(Bund Sankt Michael) Im Magazin „Der Spiegel“ äußerte sich der französische Schriftsteller Michel Houellebecq über die von katholischen Akteuren ausgehenden Ansätze kultureller Erneuerung in Frankreich.

Für den Autor, der in seinem dystopischen Roman „Unterwerfung“ ein satirisch zugespitztes Szenario der Islamisierung Frankreichs beschrieben hatte, ist die Hinwendung vieler Franzosen zu ihren kulturellen und religiösen Wurzeln „einer der interessantesten Momente in der jüngsten Geschichte“.

Es gibt eine bemerkenswerte Wiederkehr des Katholizismus in Frankreich. Es ist ein Phänomen, das ich fühle, ohne es wirklich zu verstehen, und es ist weniger reaktionär, als vielfach behauptet wird. […] Die Demonstrationen gegen die Ehe für alle und das Adoptionsrecht für gleichgeschlechtliche Paare haben die Politik durch ihre Massenmobilisierung überrascht. Niemand hätte derlei für möglich gehalten. Die Katholiken in Frankreich sind sich ihrer Stärke so wieder bewusst geworden. Das war wie eine unterirdische Strömung, die plötzlich zutage trat. Für mich einer der interessantesten Momente in der jüngsten Geschichte. […] Ich neige immer dazu, die Dinge materialistisch zu erklären, was zunächst etwas platt und abstoßend wirken mag: Tatsache ist, dass gläubige Katholiken mehr Kinder in die Welt setzen. Und sie vermitteln den Kindern ihre Werte. Das heißt, ihre Zahl wird zunehmen.

Hintergrund

Houellebecq ist vor allem durch Romane bekannt geworden, in denen er kulturelle Auflösungserscheinungen in modernen Gesellschaften und deren Folgen beschreibt. Er selbst bezeichnet sich als Reaktionär und als Skeptiker des utopischen “progressivistischen Glaubens”. In seiner Dankesrede anlässlich der Auszeichnung mit dem Frank-Schirrmacher-Preis hatte er vor einem möglichen Erlöschen Europas in Folge seiner kulturellen und demographischen Schwäche gewarnt.

Das von Houellebecq erwähnte Erstarken katholischer, nach kultureller Erneuerung strebender Bewegungen in Frankreich war in jüngerer Zeit bereits Gegenstand einer größeren Debatte.

  • Der Journalist Alexandre Devecchio sieht vor allem unter jungen Franzosen zunehmenden Widerstand gegen die scheiternde Postmoderne und ihre Vorstellung einer Welt „ohne Gott, ohne Werte, ohne Prinzipien“ sowie gegen ihre pauschale Ablehnung des Eigenen.

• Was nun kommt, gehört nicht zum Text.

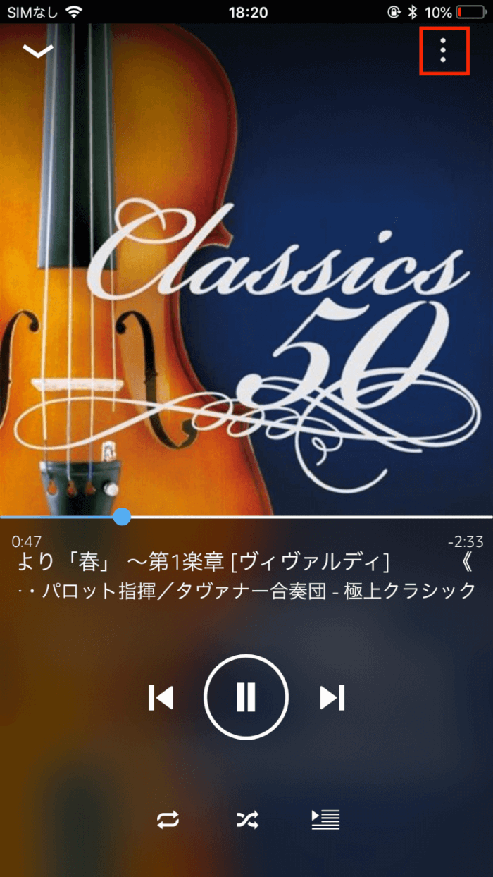 ①保存したい楽曲の再生画面で右上の[⋮]を押します▼
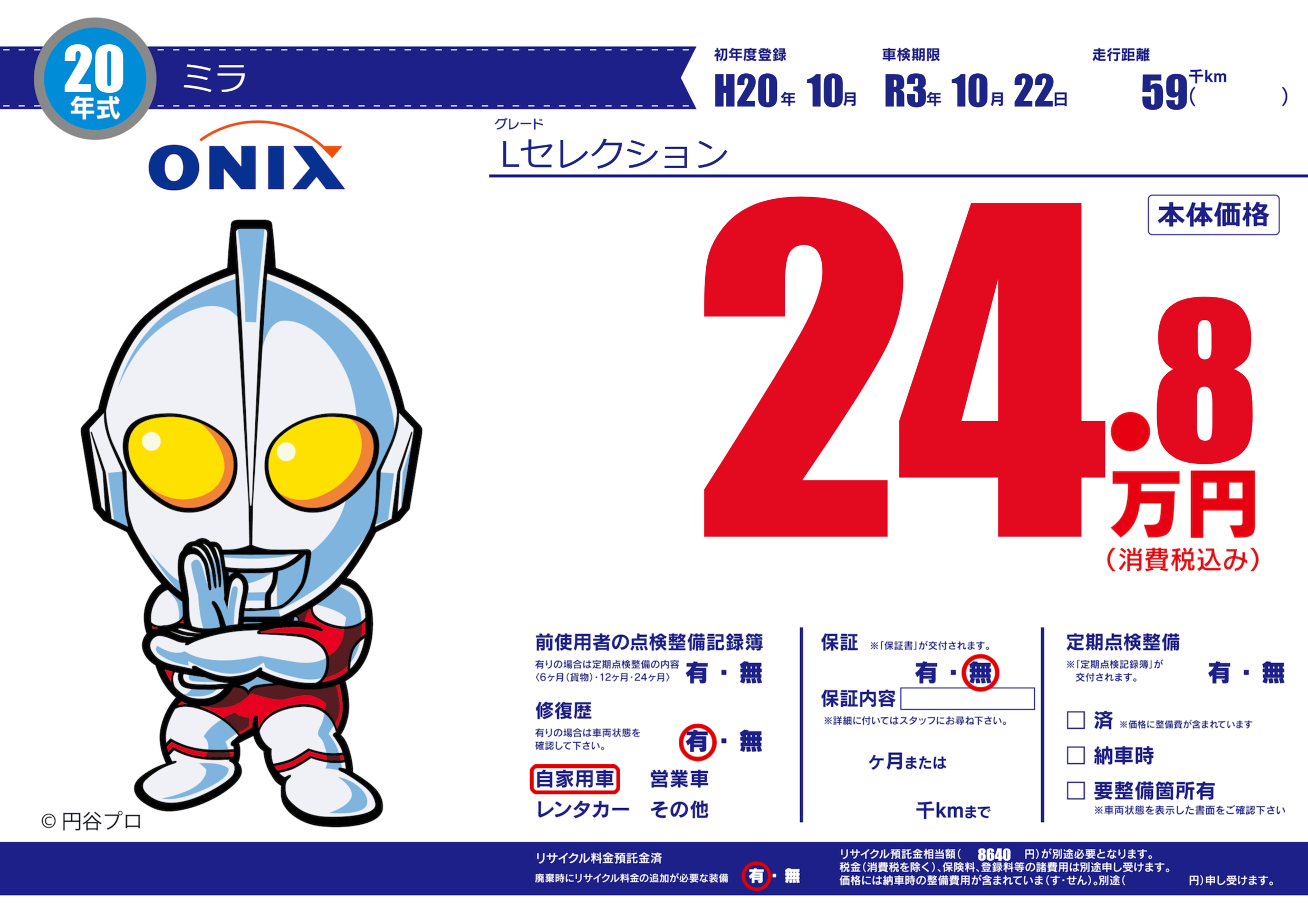 | 車名 | ミラ | グレード ミッション 排気量 |
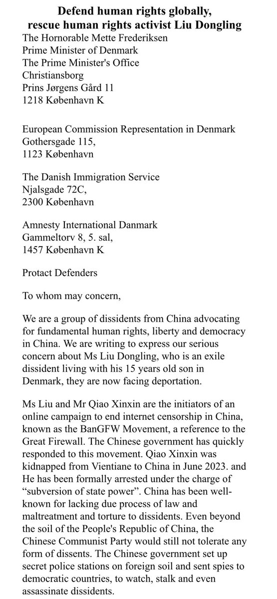 大家請@丹麥首相帳號营救及向丹麥移民局 難民署發截圖連署信到郵箱📪营救劉棟玲母子。

Auch die Herausforderung durch den zunehmend selbstbewußt auftretenden Islam stärke die Zuwendung zu den eigenen kulturellen Wurzeln und zur katholischen Tradition Frankreichs.
  • Die Zeitung „Le Figaro“ hatte von einer „stillen Revolution“ unter Frankreichs Katholiken berichtet. Parallel zum Erstarken religiöser Bindungen sei eine Hinwendung zu theologisch und politisch konservativem Denken sowie eine verstärkte Bereitschaft zu beobachten, für den eigenen Glauben und die eigene Kultur öffentlich einzutreten. Ein Beispiel dafür sei die Bewegung „La Manif pour tous“, die bereits 2012 mehrere hunderttausend Menschen dazu mobilisieren konnte, für den Schutz von Ehe und Familie und gegen Versuche zur Auflösung des Ehebegriffs durch die Einführung einer gleichgeschlechtlichen Zivilehe zu demonstrieren.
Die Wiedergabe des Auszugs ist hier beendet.